For each row in the Series, I want to take these 2D arrays, flatten them to 1D, take the values and assign them to the columns of one row in data frame. Each row will have 30x30 = 900pixels each, storing the values of each pixel. Like this:

    pixel1    pixel2    pixel3...    pixel900
0       23         4        54             77
1       65        54       255             33
...
...
... 

I'm using an elaborate function that extracts one row from the series at a time, flattens the array, converts it to a Series again, and appends it to a dataframe. It takes sooo long. I'm sure there must be a faster way.

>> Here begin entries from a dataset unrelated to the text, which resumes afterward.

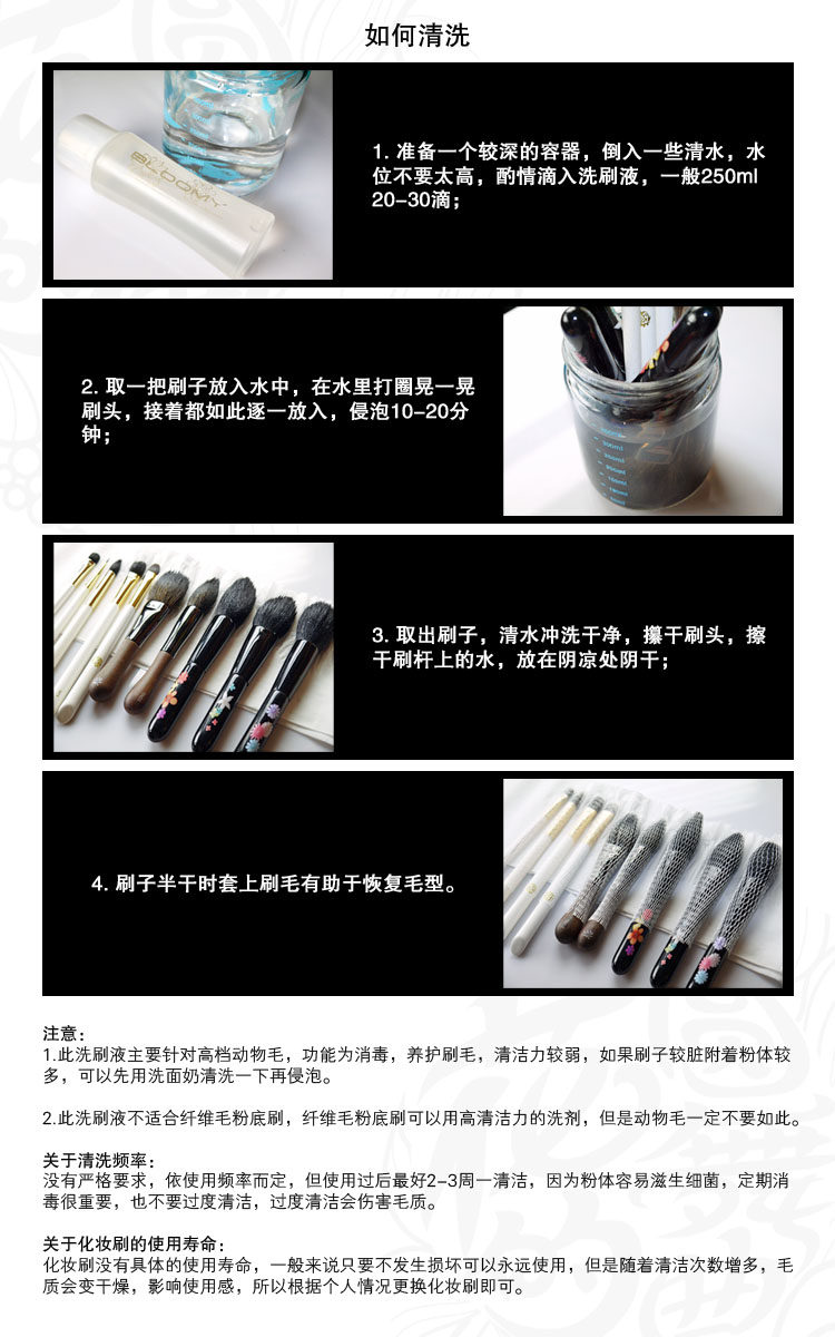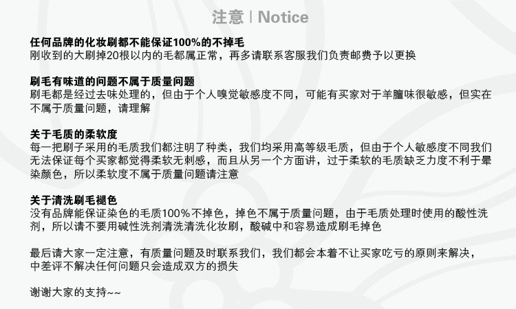 (注意:化妆刷为纯手工制作,所以不能保证每把都完全一样,可能与图片有略微差别,可以接受再购买)怕我们刷子质量不好、怕硬、怕掉毛、怕羊毛味的同学,其实我们的刷子相对价格而言已经是超高性价比了,如果您想省钱还买几百上千元品质的我们真的提供不了,白凤堂那么贵也照样掉毛炸毛,心理预期过高,不满意都不找售后协商就要中差评的兄弟姐妹就别拍了哈,谢过各位!刷子刚出厂,刷杆还有漆味,自然通风晾晒几天就没事了,介意的或者以此为中差评理由的都不要拍!怕我们刷子质量不好、怕硬、怕掉毛、怕羊毛味的同学,其实我们的刷子相对价格而言已经是超高性价比了,如果您想省钱还买几百上千元品质的我们真的提供不了,白凤堂那么贵也照样掉毛炸毛,心理预期过高的请移步实体购物,谢谢啦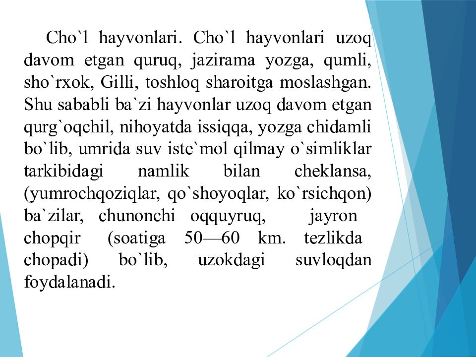 Cho`l hayvonlari. Cho`l hayvonlari uzoq davom etgan quruq, jazirama yozga, qumli, sho`rxok, Gilli, toshloq sharoitga moslashgan. Shu sababli ba`zi hayvonlar uzoq davom etgan qurg`oqchil, nihoyatda issiqqa, yozga chidamli bo`lib, umrida suv iste`mol qilmay o`simliklar tarkibidagi namlik bilan cheklansa, ( yumrochqoziqlar, qo`shoyoqlar, ko`rsichqon ) ba`zilar, chunonchi oqquyruq, jayron chopqir ( soatiga 50—60 km. tezlikda chopadi ) bo`lib, uzokdagi suvloqdan foydalanadi.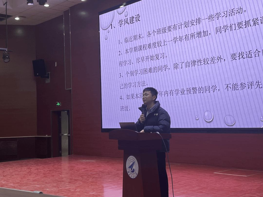 首先,辅导员翟伟乐就本学期学风建设中好的方面和存在的问题做了分析,分享了本年级班风、学风建设的优秀案例,强调了做好期末课程备考的重要性。勉励全体同学要及早准备、合理安排、做好个人时间管理、高效开展课程复习,同时各个班级要积极营造良好的学习氛围、加强同学们的沟通交流,力争使全体同学都能够取得理想的成绩。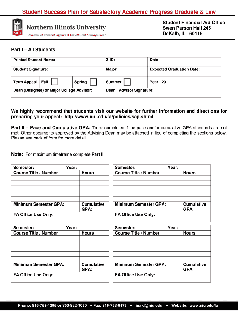 The Satisfactory Academic Progress Appeal Form is a document used by graduate and law students at Northern Illinois University (NIU) to appeal for continued financial aid eligibility due to extenuating circumstances.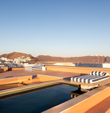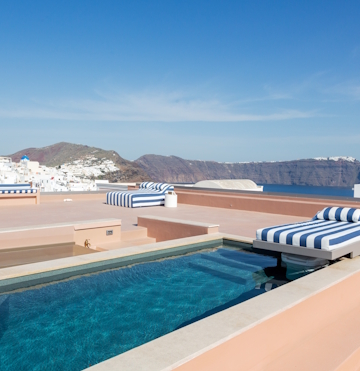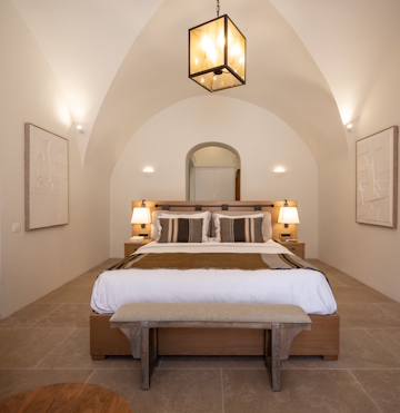 Traditional whitewashed walls, handcrafted details, and soaring arc ceilings celebrate Santorini’s rich maritime past,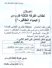 إعلان لطلاب الفرقة الثالثة فارم دي (كيمياء العقاقير-1)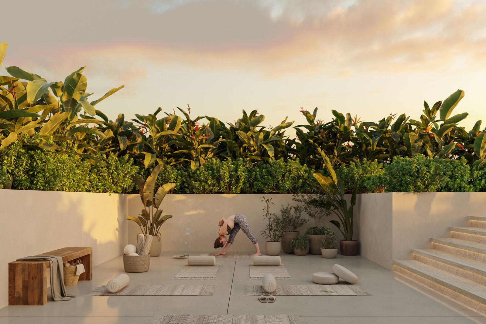 Among its amenities, it has a rooftop pool, a place to relax while enjoying sweeping views of the surroundings. It also has a yoga area, a space designed for those seeking moments of well-being in a serene environment.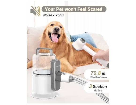 Simpleway Vacuum Grooming Kit for Shedding: Professional Hair Clippers Pet Groomer - Deshedding Tool Fur Brush Attachment Trimmer for Home Cat (Cream White) open box new selling for only $45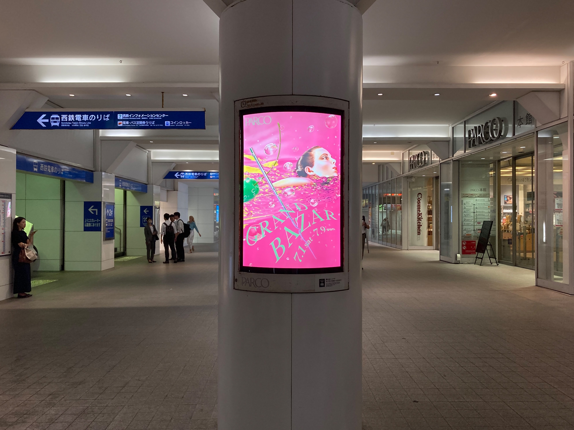 福岡パルコ様1Fのメイン出入口前のコンコース柱・壁面に対し、B1サイズFPトランスGFフィルムの不燃素材にてご採用頂いております。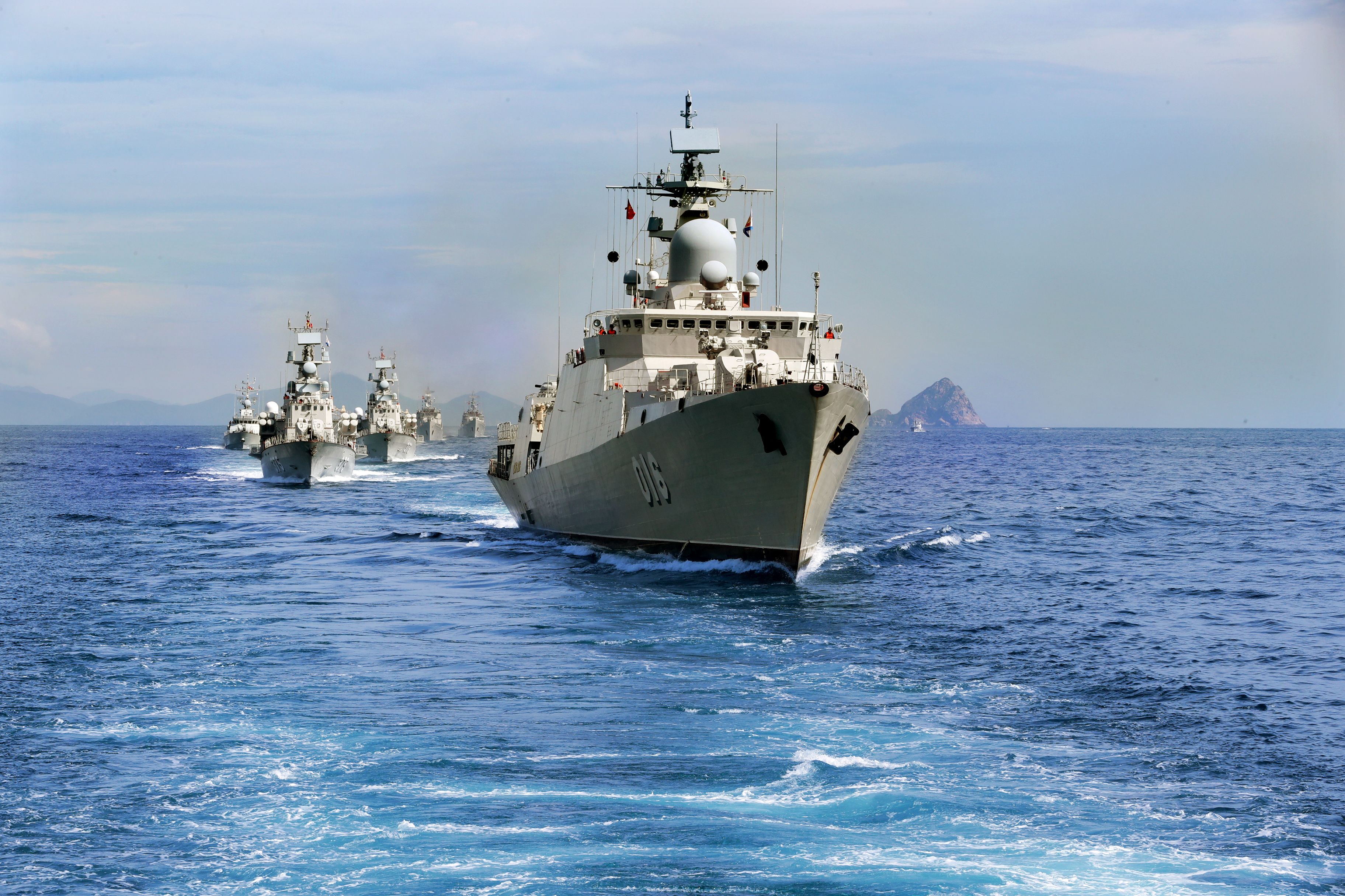 Biên đội tàu chiến đấu của Hải quân nhân dân Việt Nam huấn luyện trên biển.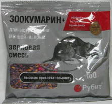 Родентицид от грызунов "ЗООКУМАРИН+ЗЕРНО" разработан для эффективной борьбы с крысами, мышами и всевозможными видами грызунов, в разных типах помещений, а также на сельскохозяйственных полях, на свалках, в жилых домах, на водоемах, канализационных коллекторах. Препарат готов к применению и нет необходимости в добавлении других кормов. При проникновении в организм грызуна этот препарат воздействует на синтез протромбина, что ведет к нарушению механизма кровесвертывания и провоцирует склонность к кровотечениям. Препарат очень хорошо привлекает грызунов и употребляется ими в пищу. Грызуны погибают на 4-5 день после употребления "ЗООКУМАРИН+ЗЕРНО", поэтому препарат не вызывает страх к приманке.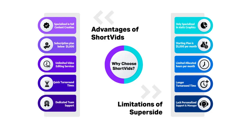 ShortVids is specially made for video editing with a dedicated 24/7 team, while Superside focuses on broad creative services like branding and graphic design. If video is your main priority, ShortVids is the better fit.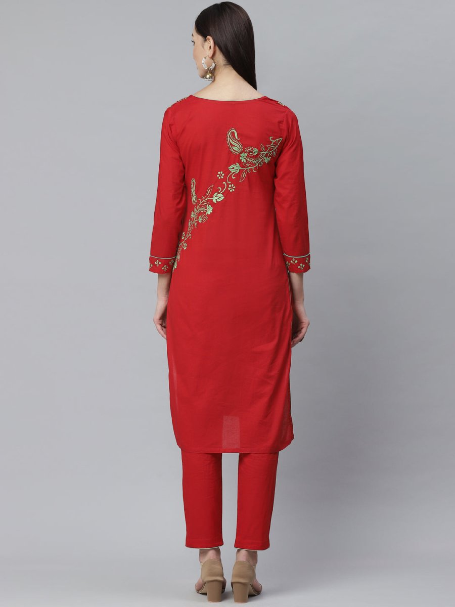Red and green Chikankari hand embroidered kurta with trousers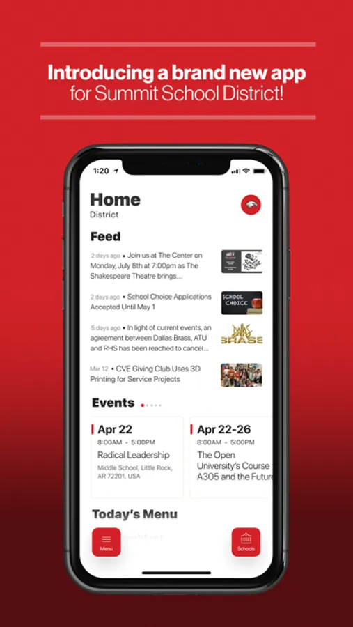 The event section shows a list of events throughout the district. Users can add an event to your calendar to share the event with friends and family with one tap.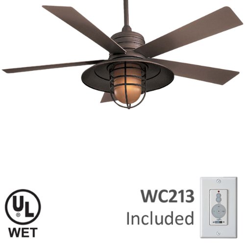 Includes: WC213 - Three Fan Speeds & Light Dimming Wall Mount.Includes: Five, Taupe Blades - (54" Span / 14 Blade Pitch).172mm x 20mm Spinner Motor - Lifetime Warranty / CFM = 5470, Watts Used = 60, CFM Per Watt = 91.(1) 100Q/F/JD - 100watt Mini Can Halogent Light in Acid Etched Glass (bulb(s) included).Downrods and Accessories are Available. The Minka-Aire Fan F582-ORB is a Rainman Ceiling Fan with the WC213 - Three Fan Speeds & Light Dimming Wall Mount in the Oil-Rubbed Bronze motor finish. Reflecting a marine theme, the RainMan fan can be the focal point of any indoor or outdoor environment. RainMan's excessive torque motor and 54" blade sweep sail blade configuration reachs comfy air circulation. This Ceiling Fan is from the Rainman WET Collection and that is UL Wet rated. The Rainman Includes 3.5" & 6" (3/4" Interior Diameter) Pole.. ... Read more Minka-Aire Fans F582-ORB 54" Rainman Tropical WET Outdoor Bronze Ceiling Fan w/ Light & Wall Ctrl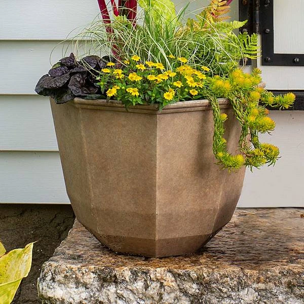 The classically structured, octagonal Casablanca Pot is perfectly sized for a wide variety of plantings. The cement-colored, lightweight, resin vessel has eight uniform segments, each defined by a strong vertical edge that is especially welcome in contrast to soft, unstructured mounding plants such as Impatiens and Begonias. But the Casablanca also makes a fine host to more formal plants or plant groupings that mirror its structured form. Fill it with one of our Topiary Patio plants or a spiky Cordyline. The container’s slightly narrower beveled base and banded rim complete a timeless design.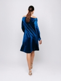 La linea morbida e la gonna svasata valorizzano la silhouette con naturalezza, mentre il velluto regala profondità e luminosità al colore.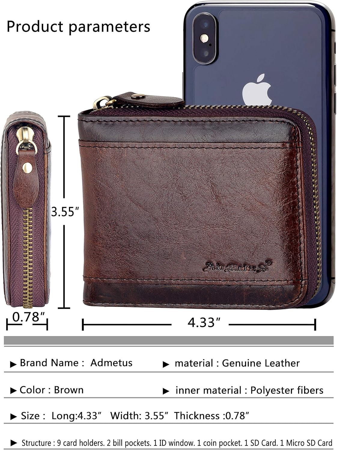 Admetus Mens RFID Blocking Wallets Zipper Leather Wallet for Men Bifold RFID Card Holder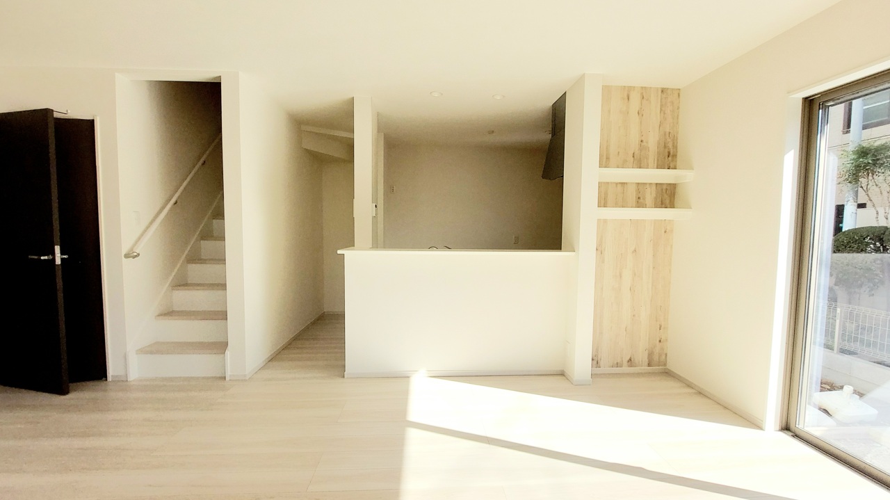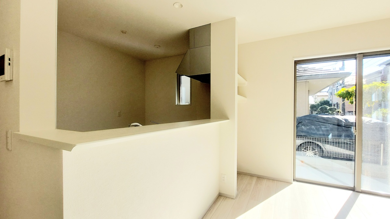 大きな開口部から明るい光が差し込むリビング。日中の室内の明るさがこの部屋の魅力です。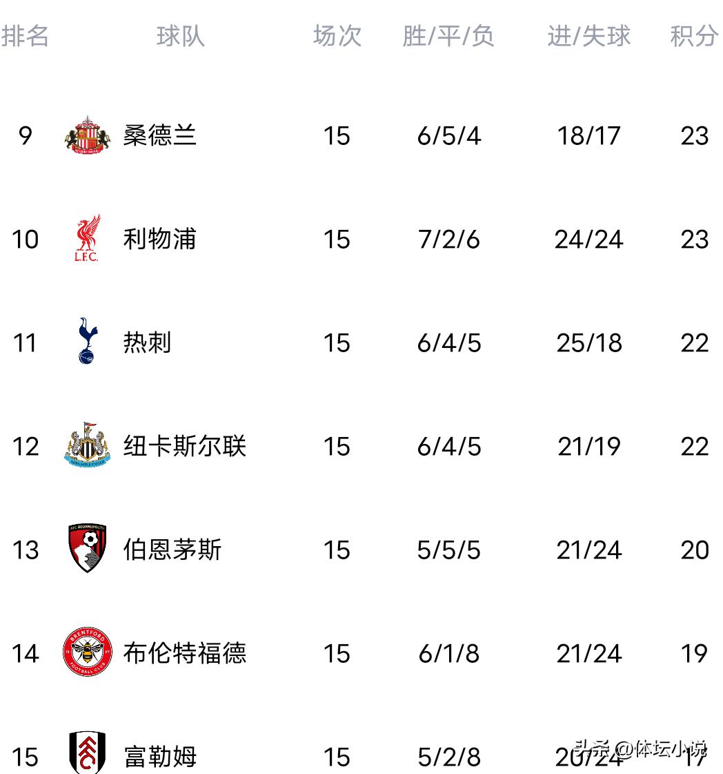 如此一來,英超最新積分榜更新,前三名差距僅剩3分。由於領頭羊阿森納本輪意外以1-2敗給維拉,領先優勢縮小至2分,英超冠軍懸念加劇。曼城則以3-0橫掃升班馬桑德蘭,逐漸找回狀態,連勝三場穩居第二,緊追阿森納,令對手壓力倍增,情勢相當緊張。切爾西與利物浦本輪皆戰平,切爾西跌出歐冠區,衛冕冠軍利物浦更是暴跌至第十,排名甚至不及曼聯和升班馬桑德蘭!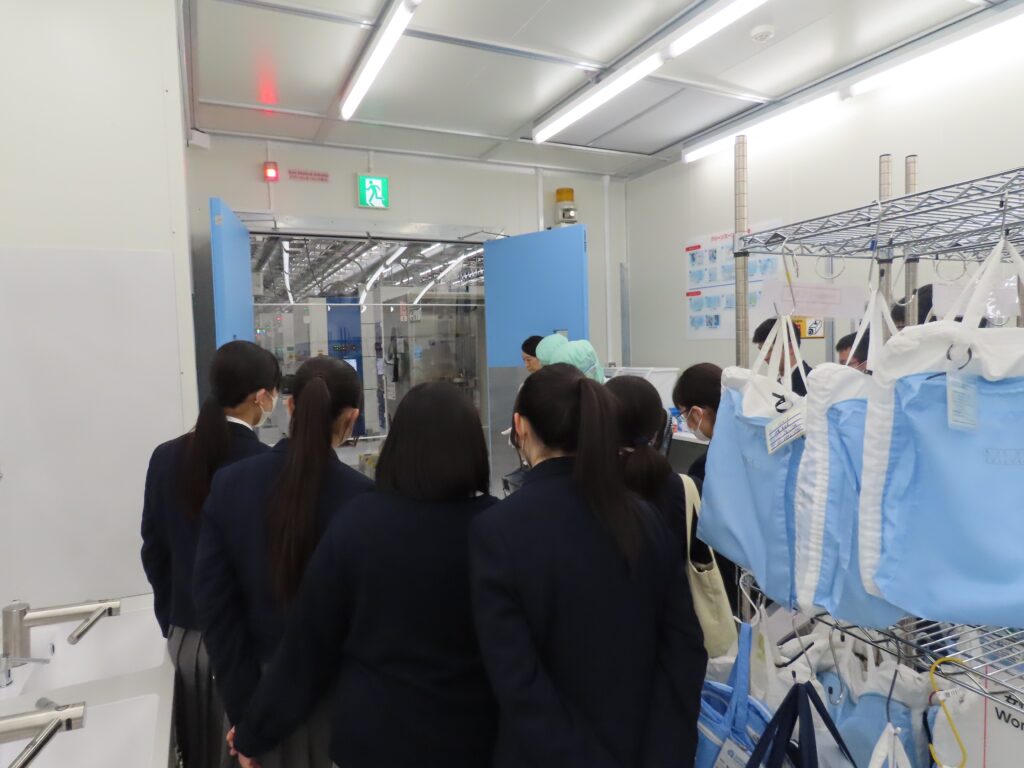 7月にオンラインで高2理系の生徒対象にキャリア学習を意識した会社説明会を、マイクロンメモリジャパン様にしていただいたのですが、第2弾の今回は、吉川の工場へ訪問し、広い敷地にある開発・研究棟から半導体を製造するクリーンルームなどを案内していただき、座談会で仕事のことや高校・大学で学んでほしいことなど、たくさん話をしていただきました。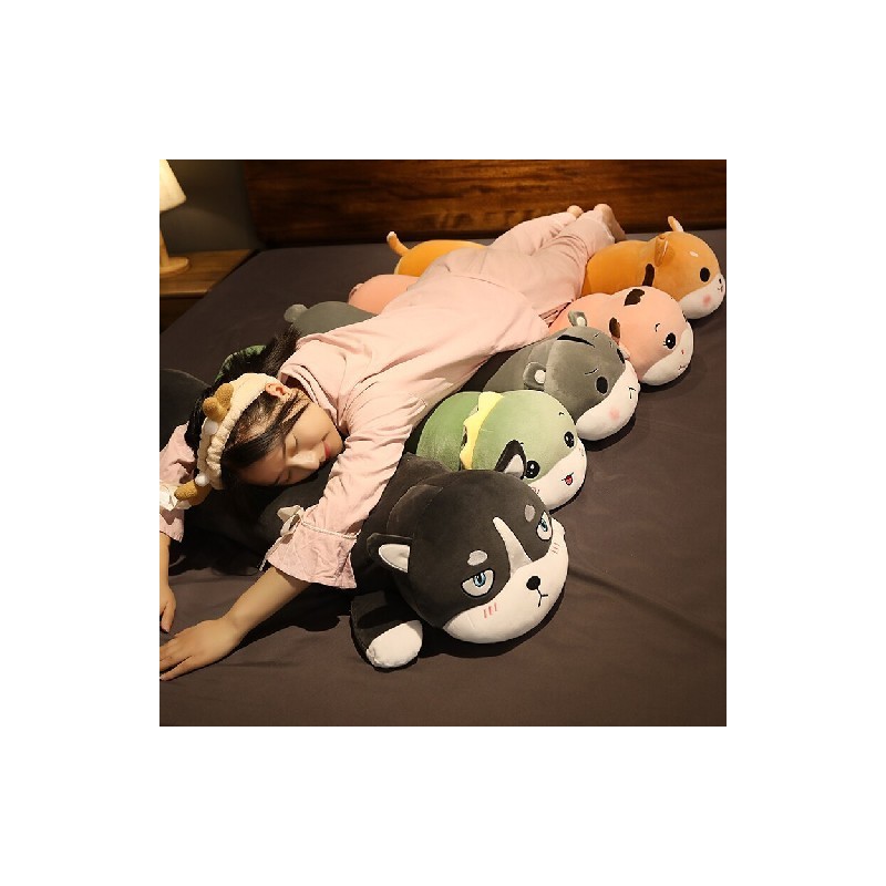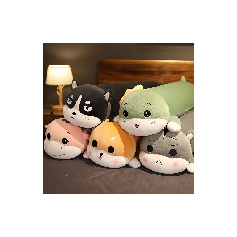 80/100cm Giant Cartoon Animals Plush Sleep Pillow Stuffed Dinosaur Husky Dog Shiba Inu Hamster Cattle Plush Toys for Kids Baby

I'm using this code:

def prep_pixels(X):
    # X is a series
    df = pd.DataFrame()
    for i in range(len(X.index)): #iterate through the whole series
        df = df.append(pd.Series(X[i].flatten()), ignore_index=True) 
    return df

EDIT: Upon request from a user, I will provide code with how I ended up in this rut in the first place :D

#reading the files
filepath = 'dataset.pickle'
data_np = pd.read_pickle(filepath)
print(data_np[0])

Output:

 [array([[255, 248, 253, 255, 251, 253, 254, 236, 220, 217, 191, 145, 139,
        185, 216, 227, 252, 251, 254, 248, 251, 236, 221, 222, 213, 175,
        120,  75,  74, 209],
       [255, 253, 254, 253, 252, 254, 223, 146,  87,  75,  58,  30,  27,
         58,  86, 116, 157, 168, 164, 165, 167, 136,  96,  71,  59,  49,
         21,   9,  27, 144],
       [255, 255, 255, 248, 252, 255, 202,  88,  15,  16,  14,  11,  11,
         12,  12,  20,  40,  46,  38,  43,  40,  25,  21,  19,  17,  35,
         53,  58,  64, 124],
    ... 30 rows of 30 pixels
    ...
    ... last row coming up ...
    [255, 255, 254, 254, 253, 252, 253, 254, 255, 255, 254, 252, 249,
    249, 251, 213, 126, 178, 231, 252, 248, 250, 254, 254, 252, 253,
    255, 255, 255, 255]], dtype=uint8), 'क']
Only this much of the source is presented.